I soggetti affetti da Disturbo Evitante di Personalità sono caratterizzati da una modalità diffusa di inibizione sociale, sentimenti di inadeguatezza e ipersensibilità al giudizio degli altri.
Essi hanno un forte desiderio di stabilire relazioni intime con gli altri a cui si accompagna una costante paura di essere criticati, disapprovati o rifiutati.
I pazienti evitanti non hanno criteri interiori con cui giudicare se stessi in modo positivo; al contrario, confidano unicamente nella percezione dei giudizi degli altri. Interpretano il rifiuto come causato esclusivamente dalla loro inadeguatezza e questo confermerebbe la loro convinzione di non essere amabili. La prospettiva del rifiuto è talmente dolorosa e inaccettabile che preferiscono tenersi a distanza dalle persone che, avvicinandosi, potrebbero scoprire la loro reale natura (negativa).

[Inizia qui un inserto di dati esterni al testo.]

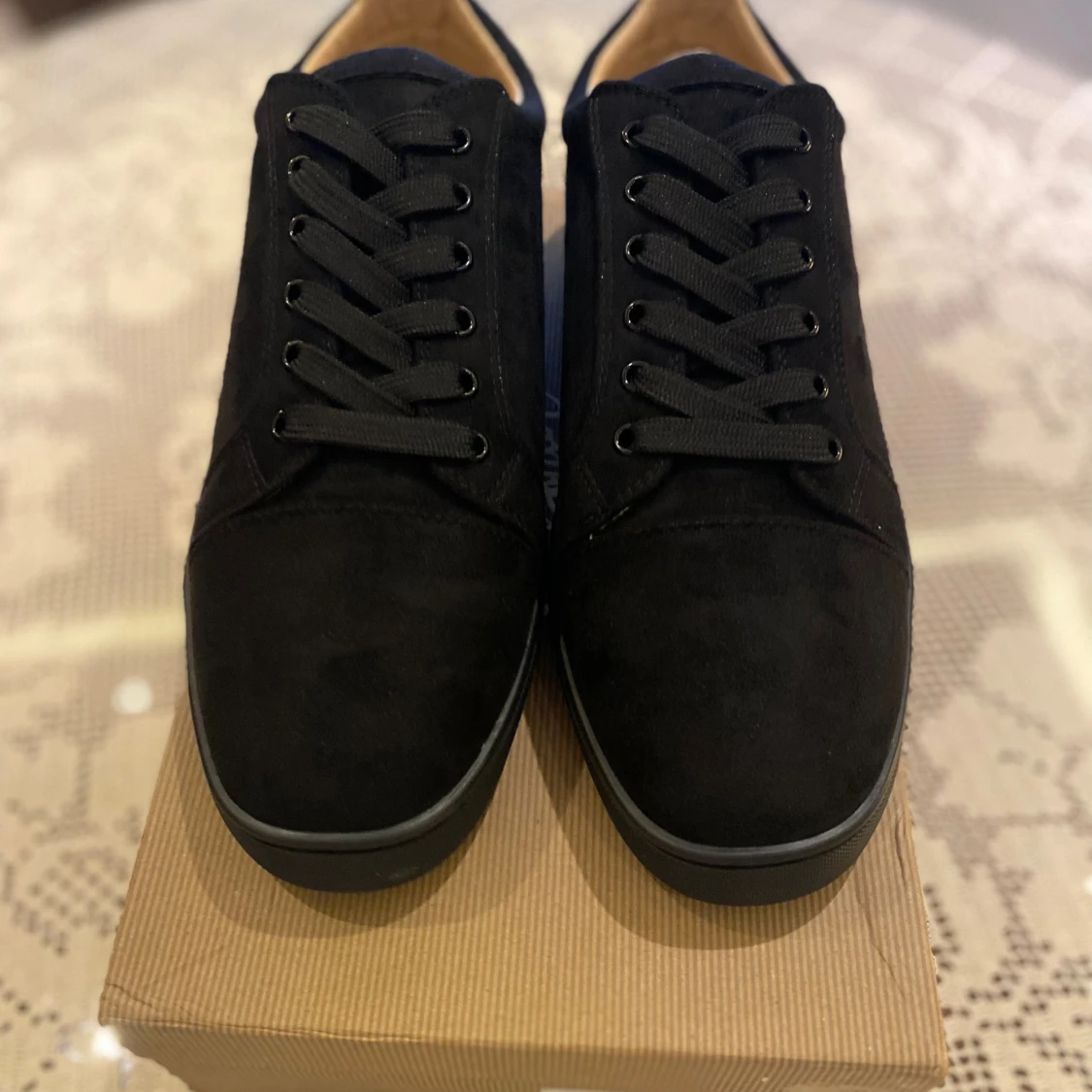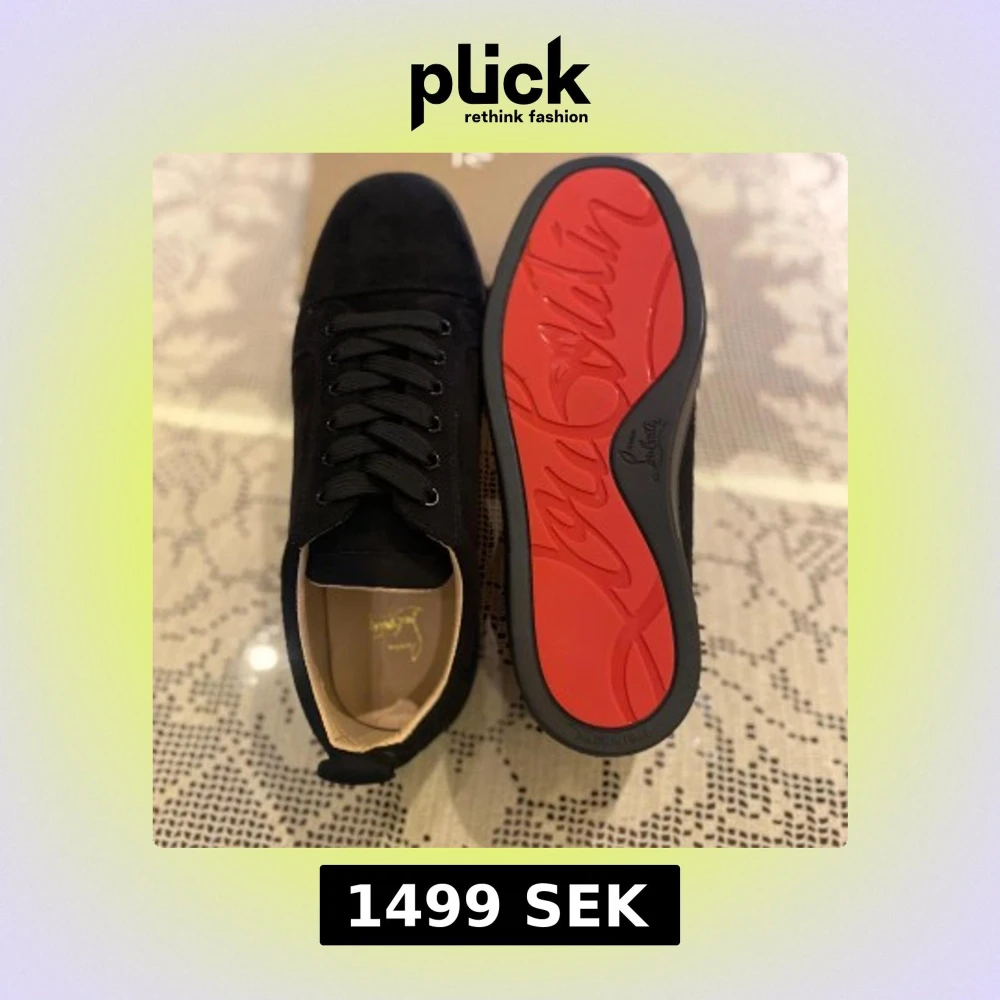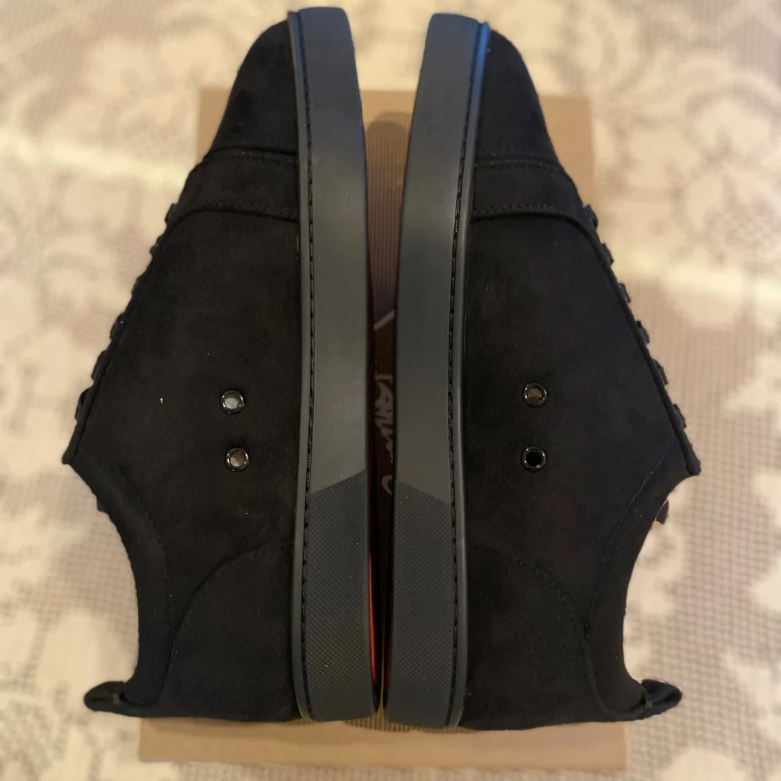 Svarta sneakers från Christian Louboutin i lyxig mocka med klassisk röd sula och diskret logga undertill. Skorna har rund tå, svarta snören och stilren design som sticker ut med den ikoniska röda undersidan.

Ne consegue la tendenza ad evitare e a fuggire i rapporti con gli altri, soprattutto se essi implicano un certo coinvolgimento emotivo. L’evitamento, se da un lato allevia stati d’animo negativi legati al timore di sentirsi imbarazzato e umiliato in presenza di altri, dall’altro conduce al ritiro in una solitudine vissuta con tristezza. Il paziente evitante, infatti, soffre spesso di depressione a causa della consapevolezza dell’incapacità a vivere una vita come gli altri.
Un’emozione centrale del disturbo evitante è la vergogna che li porta ad evitare le situazioni sociali. I pazienti evitanti possono agire con inibizione, avere difficoltà a parlare di sé e trattenere sentimenti intimi per timore di esporsi, di essere ridicolizzati o umiliati.
Spesso la diagnosi può essere confusa con quella di fobia sociale, ma il disturbo evitante prevede un sentimento di ansia generalizzato a tutte le interazioni con gli altri e un forte senso di estraneità rispetto al mondo esterno, che in genere non riguarda i social fobici. Gli evitanti si sentono come alieni sulla terra, diversi dagli altri, incapaci di condividere i loro sentimenti, distanti, inferiori.